Cell-type specific gene regulation is a key to gaining a full understanding of how the distinct phenotypes of differentiated cells are achieved and maintained. Here we examined how changes in transcriptional activation during alveolar epithelial cell (AEC) differentiation determine phenotype. We performed transcriptomic profiling using in vitro differentiation of human and rat primary AEC. This model recapitulates in vitro an in vivo process in which AEC transition from alveolar type 2 (AT2) cells to alveolar type 1 (AT1) cells during normal maintenance and regeneration following lung injury. Here we describe in detail the quality control, preprocessing, and normalization of microarray data presented within the associated study (Marconett et al., 2013). We also include R code for reproducibility of the referenced data and easily accessible processed data tables.

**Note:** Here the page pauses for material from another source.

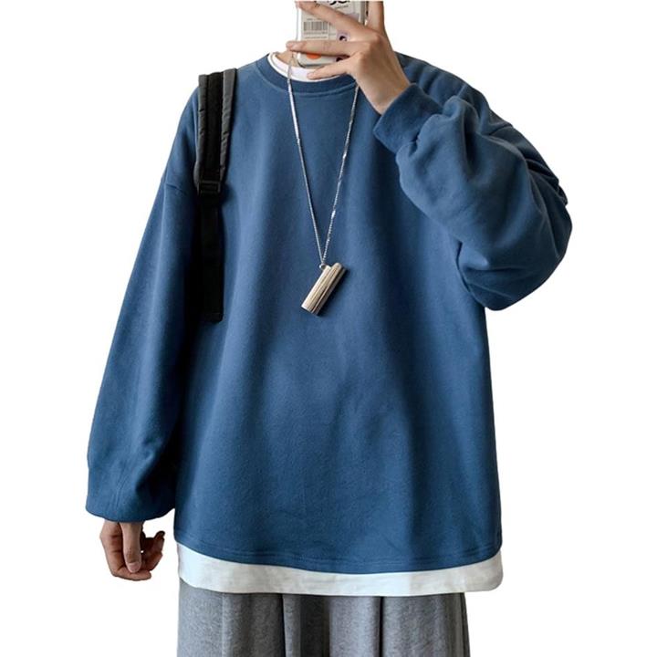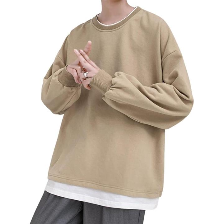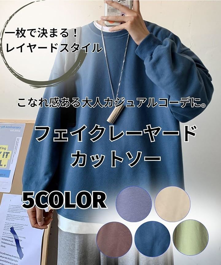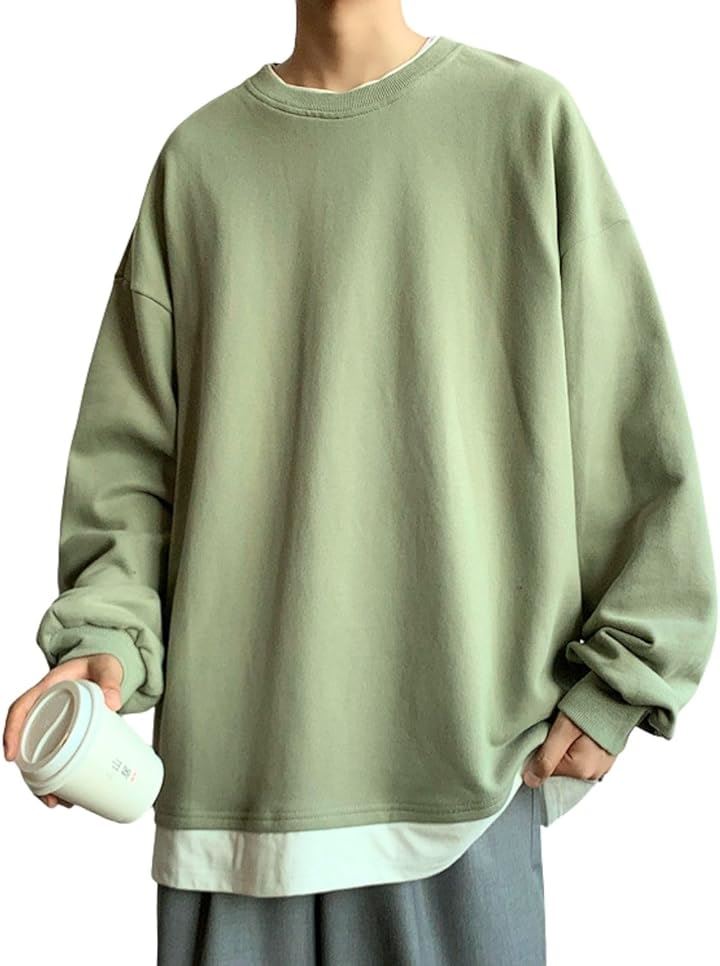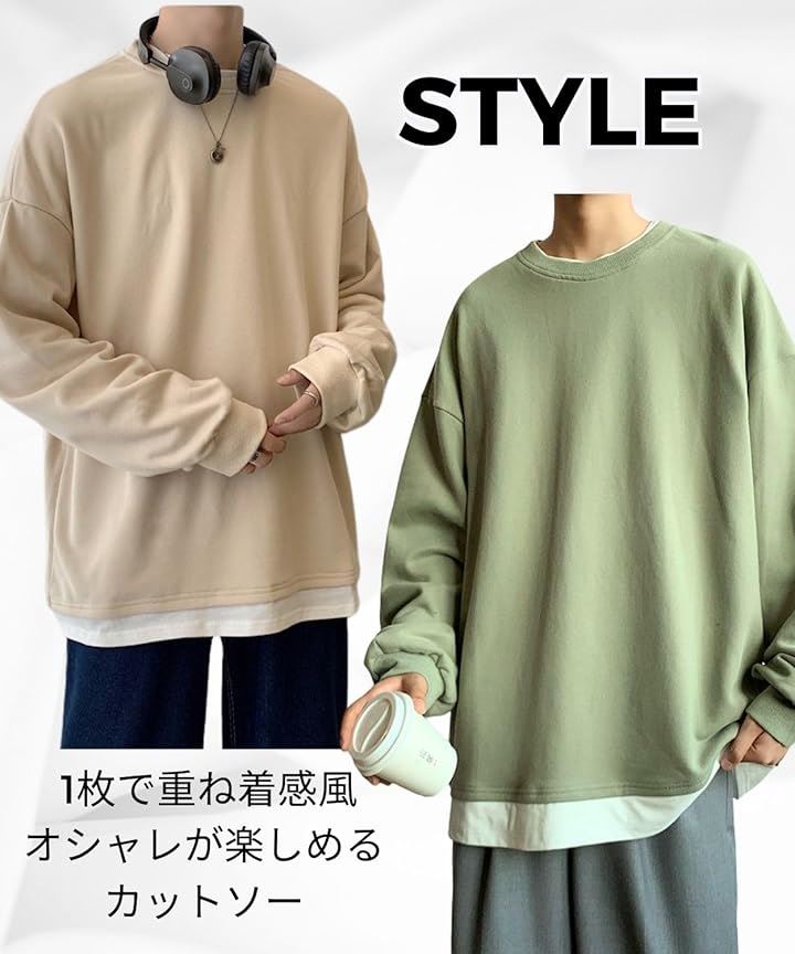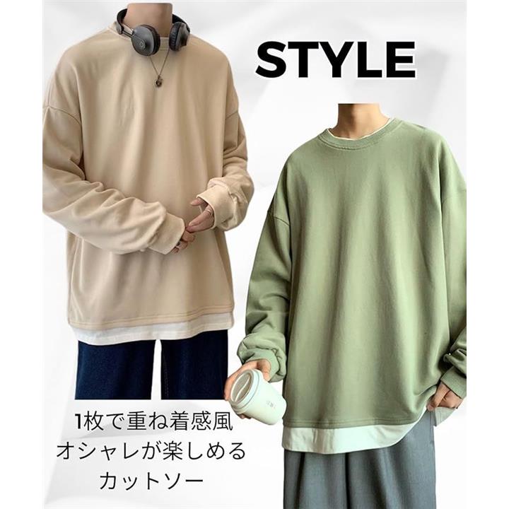 メンズ トレーナー 長袖 トップス フェイクレイヤード 重ね着風 スウェット 無地 シンプル カジュアル 秋冬 おしゃれ プルオーバー コーデ

Keywords: Alveolar epithelial cells, Differentiation, Transcriptomic analysis


Specifications
Human gene expression Rat gene expression
Organism Homo sapiens Rattus norvegicus
Tissue Primary alveolar epithelial cells Primary alveolar epithelial cells
Platform Illumina HT12v4 Illumina RatRef-12
GEO accession ID GSE38569 GSE38570

Direct link to deposited data SuperSeries (containing both datasets)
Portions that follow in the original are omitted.